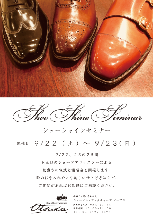 【9/22(土)、9/23(日)】シューシャインセミナーをヒルズ店にて開催します。
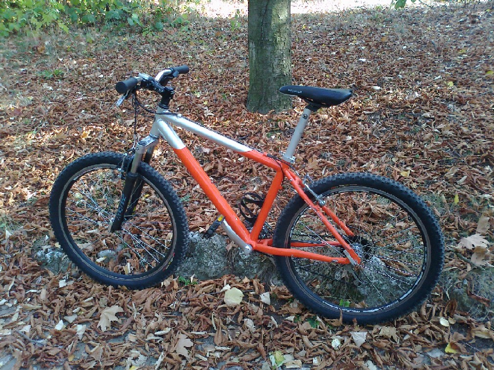 С Shimano Saint курбели и средно, водач, 2 ротора от 203мм, заден преходник, кормило, педали, верига и касета :)
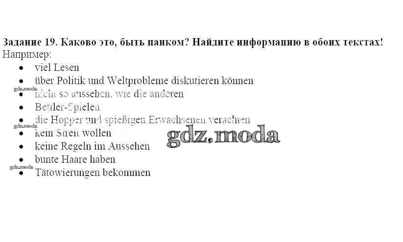 ГДЗ решение к заданию № 19 Немецкий язык 8 класс Alles Klar! Радченко О.А. Дрофа 2015 ФГОС бесплатно на гдз.мода!
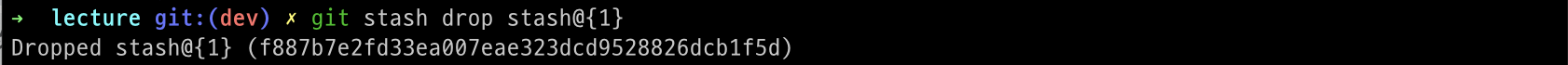 그리고 apply를 한다고 해서 stash가 삭제되지 않고 계속 쌓입니다. 필요없는 stash를 제거하기 위해서는 별도의 명령어가 필요한데요. 바로 drop 명령어입니다. 아래처럼 stash@{번호}를 통해 더 이상 사용하지 않는 stash를 삭제할 수 있습니다.
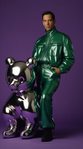 1990s scene portrait of Jeff Koons in a metallic green jumpsuit featuring inflatable purple aubergine motif and a mirrored helmet, fashion movie scene Balenciaga commercial --ar 9:16
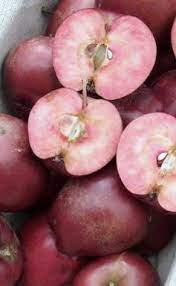 Frucht: Rotfleischige, mittelgroße, süße Apfelsorte
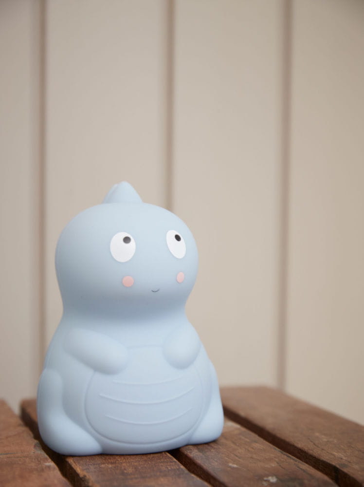 Urocza lampka LED w kształcie dinozaura, w modnym kolorze dusty blue.
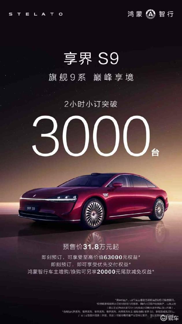 為了讓消費者更直觀地感受新車魅力,新款享界S9的展車已陸續抵達各地銷售門店。同時,品牌方在預售期間推出了一系列豐厚的購車權益,總價值最高可達63000元。具體權益包括:2000元訂金可抵5000元購車尾款;限時免費獲得價值最高10000元的寰宇紅或浩宇藍外觀配色;贈送價值10000元的零重力座椅禮券;提供價值20000元的ADS高階功能包補貼;贈送價值6000元的舒享用車大禮包;贈送價值4000元的輔助駕駛無憂服務;贈送最高10000元的定向選裝優惠;鴻蒙智行其他車型車主增購或換購時,還可享受2萬元尾款減免。

• What is expected: Please transcribe the whole listing above exactly, with the images left out.

• Response to the exercise:
 【9/22(土)、9/23(日)】シューシャインセミナーをヒルズ店にて開催します。
 С Shimano Saint курбели и средно, водач, 2 ротора от 203мм, заден преходник, кормило, педали, верига и касета :)
 ГДЗ решение к заданию № 19 Немецкий язык 8 класс Alles Klar! Радченко О.А. Дрофа 2015 ФГОС бесплатно на гдз.мода!
 그리고 apply를 한다고 해서 stash가 삭제되지 않고 계속 쌓입니다. 필요없는 stash를 제거하기 위해서는 별도의 명령어가 필요한데요. 바로 drop 명령어입니다. 아래처럼 stash@{번호}를 통해 더 이상 사용하지 않는 stash를 삭제할 수 있습니다.
 1990s scene portrait of Jeff Koons in a metallic green jumpsuit featuring inflatable purple aubergine motif and a mirrored helmet, fashion movie scene Balenciaga commercial --ar 9:16
 Frucht: Rotfleischige, mittelgroße, süße Apfelsorte
 Urocza lampka LED w kształcie dinozaura, w modnym kolorze dusty blue.
 為了讓消費者更直觀地感受新車魅力,新款享界S9的展車已陸續抵達各地銷售門店。同時,品牌方在預售期間推出了一系列豐厚的購車權益,總價值最高可達63000元。具體權益包括:2000元訂金可抵5000元購車尾款;限時免費獲得價值最高10000元的寰宇紅或浩宇藍外觀配色;贈送價值10000元的零重力座椅禮券;提供價值20000元的ADS高階功能包補貼;贈送價值6000元的舒享用車大禮包;贈送價值4000元的輔助駕駛無憂服務;贈送最高10000元的定向選裝優惠;鴻蒙智行其他車型車主增購或換購時,還可享受2萬元尾款減免。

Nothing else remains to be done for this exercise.